お昼は二人でラーメンを食べた。山岡家のラーメンである。圭子は山岡家のラーメンが好きだった、何がどうと言われてもわからない、コクだの深みだの、香りだの辛味だの抽象的なことは分からない、ただ決定的に美味しいだけである、そう感じていた。二人で外食も久しぶりである、彼女は子供のようにはしゃいだ。
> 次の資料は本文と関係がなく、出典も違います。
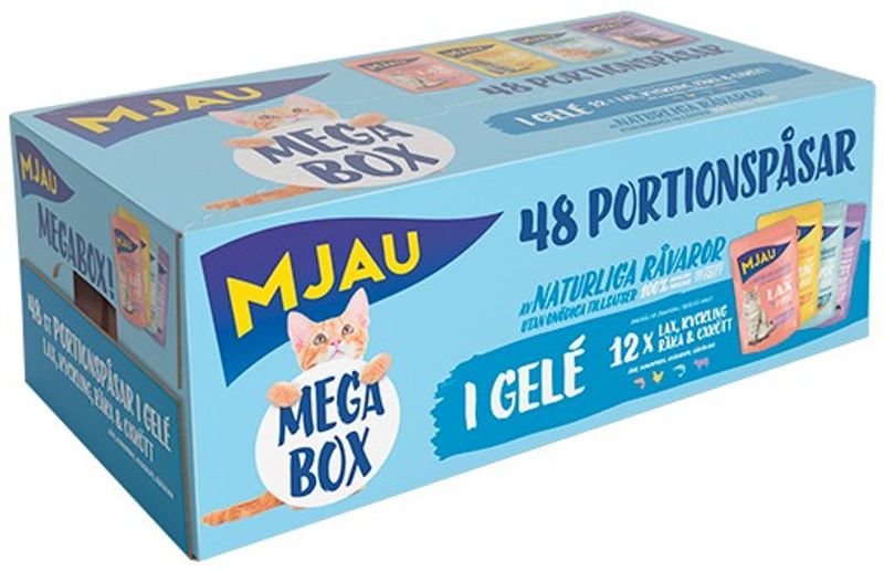 Beskrivning av Mjau Megabox portionspåsar, i gele
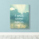 Volveré A Venir Impresiones Biblias Verso. Hermosa nube llena de fondo celeste con vigas de sol reventando sobre la parte superior de las nubes, enmarcando la inspiradora escritura de reconfortación, "Volveré" de John. Ver más regalos cristianos y fotos de lienzo en nuestra tienda, Citas cristianas: Enlace a continuación:
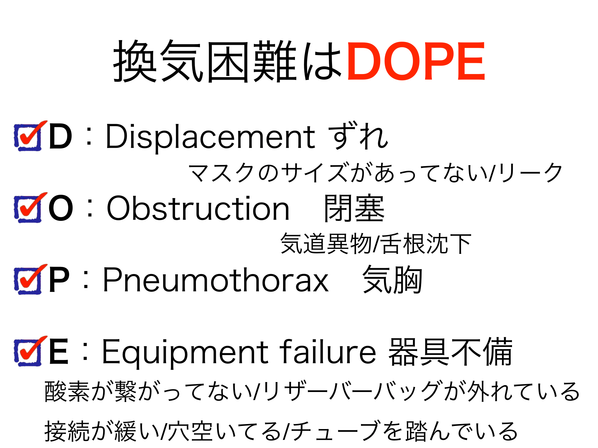 #16. 換気困難はDOPE D:Displacement ずれ マスクのサイズがあってない/リーク O:Obstruction 閉塞 気道異物/舌根沈下 P:Pneumothorax 気胸 E:Equipment failure 器具不備 酸素が繋がってない/リザーバーバッグが外れている 接続が緩い/穴空いてる/チューブを踏んでいる
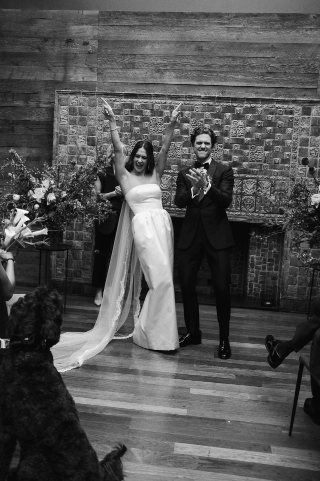 Свадьба прошла в ресторане The Milling Room в Нью-Йорке. Аарон выбрал смокинг Berluti с аксессуарами Cartier, а Эрика предстала в винтажном платье Oscar de la Renta.

夜は寿司を食べた、「結婚記念日、贅沢をしよう」柴田がそう言ったのが圭子を感動的に喜ばせた。圭子は部屋の近くのトリトンが好きだったのでそこへ行く事にした。

「私はサーモンが好き」

圭子が言うと、柴田が答えるように言った。

「僕は何といってもトロ、脂ののった、とけるようなトロが好きだ」

二人は買ったお揃いのダウンをさっそく着ていた、その日の柴田は久しぶりに楽しげな表情を見せ、そして二人はお酒を飲みながら寿司を食べた。お酒を飲んだということが、その夜を一段と素敵な結婚記念日とした。しかし二人が心の奥底で何を思っていたのか、お互いをどう思っていたのかは知らない。それは二人だけしか知らない。

 圭子は部屋に帰ってからのことはよく覚えていなかった。ただ素敵な夜だったという以外は・・・・。